# WORK TASK
Output exactly the lines that run from the start of the records to the line with "وكتب عبد المتعالي،", counting both ends, and skip the pictures.

━━ THE DATA

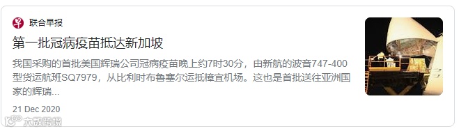 早在2020年12月21日晚,第一批辉瑞疫苗已经抵达新加坡。
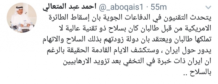 وكتب عبد المتعالي، في تغريدة له على موقع التواصل الاجتماعي تويتر، تابعها المشهد العربي: "تحدث التقنيون في الدفاعات الجوية بأن إسقاط الطائرة الأمريكية من قبل طالبان كان بسلاح ذو تقنية عالية لا تملكها طالبان ويعتقد بأن دولة زودتهم بذلك السلاح والاتهام يدور حول إيران".
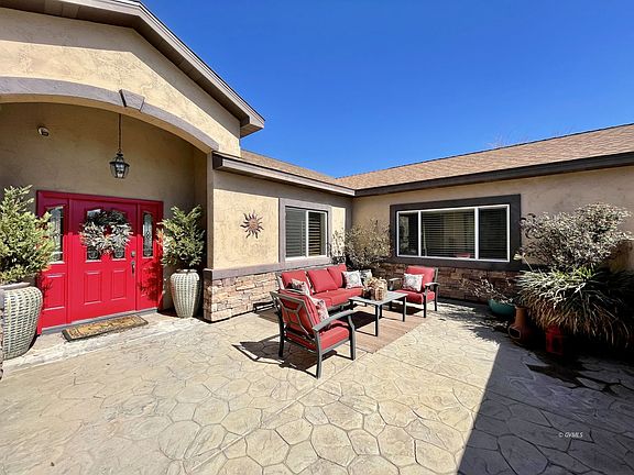 This amazing home has a dream backyard and 2,500 sq-ft shop! Right as you walk through the front gate, you're greeted by a beautiful courtyard patio. As you enter the front door, you'll find a well thought out, split floor plan featuring 4 bedrooms, 3.5 bathrooms, an office, large living room, and a kitchen that opens to the dining room. The principle ensuite features a large bedroom with bay windows, French doors leading to the backyard, and a bathroom including a large garden tub, walk-in shower, 2 vanities, and a large walk-in closet. The kitchen has granite counter tops, custom cabinets featuring bottom sliding shelves, gas oven range, and an island perfect for prep. Down the hall, you'll find 2 bedrooms sharing a jack-and-jill bathroom and the other bedroom with an ensuite bathroom. The home also features central vacuum, water softener, tankless water heater, energy efficient HVAC unit, and solar panels. In the backyard you'll find a pool and jacuzzi combo, a gazebo to bbq under, a large pergola to sit under, and beautiful landscaping. The 2,500 sq-ft shop includes 3 garage bays with insulated roll-up doors to house your toys or RV with plenty of room to work!
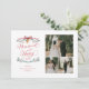 Celebrate your first holiday season as a married couple with this elegant “Married and Merry” photo card. Featuring graceful script lettering and festive watercolor embellishments of pine boughs, holly, golden bells, and a classic bow and three of your favorite wedding photos.
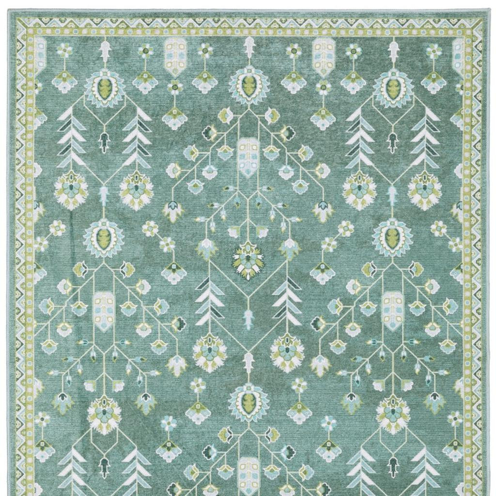 Add some artistry to your room with this 10-foot x 13-foot teal and green oriental washable area rug. Ideal for spaces with kids and pets, this rug is stain resistant to help repel dirt and spilled liquids. Built to last, this rug crafted from polyester fibers is known for its durability and long lasting appeal. This larger sized, traditional styled rug is ready to create a focal point or statement piece in your room. 118.11-inch h x 143.70-inch w x 0.12-inch d.
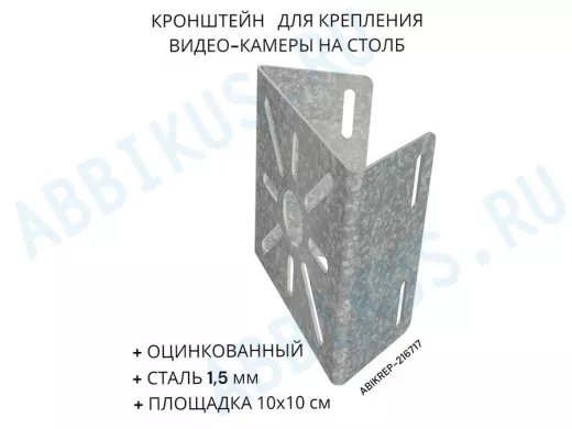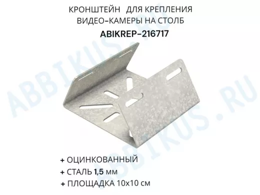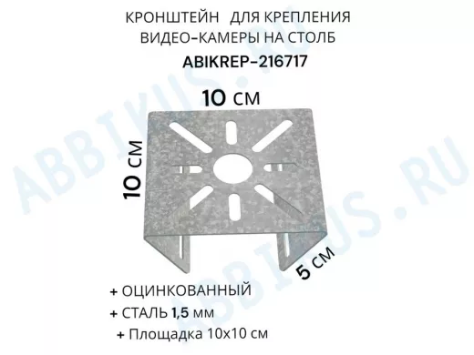 Заказать звонокКронштейн оцинкованный для камеры на столб "ABIKREP-216717" 100х104мм, сталь, под хомуты, вылет 5см
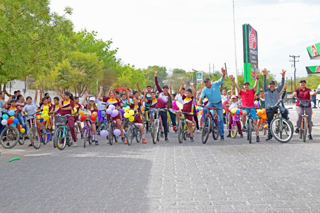 En compañía del Alcalde Gildardo Leyva niñas y niños de distintas escuelas primarias recorrieron en bicicletas las principales calles de la cabecera municipal y posteriormente participaron en una divertida competencia deportiva.

━━━━

# TASK OUTPUT
 早在2020年12月21日晚,第一批辉瑞疫苗已经抵达新加坡。
 وكتب عبد المتعالي، في تغريدة له على موقع التواصل الاجتماعي تويتر، تابعها المشهد العربي: "تحدث التقنيون في الدفاعات الجوية بأن إسقاط الطائرة الأمريكية من قبل طالبان كان بسلاح ذو تقنية عالية لا تملكها طالبان ويعتقد بأن دولة زودتهم بذلك السلاح والاتهام يدور حول إيران".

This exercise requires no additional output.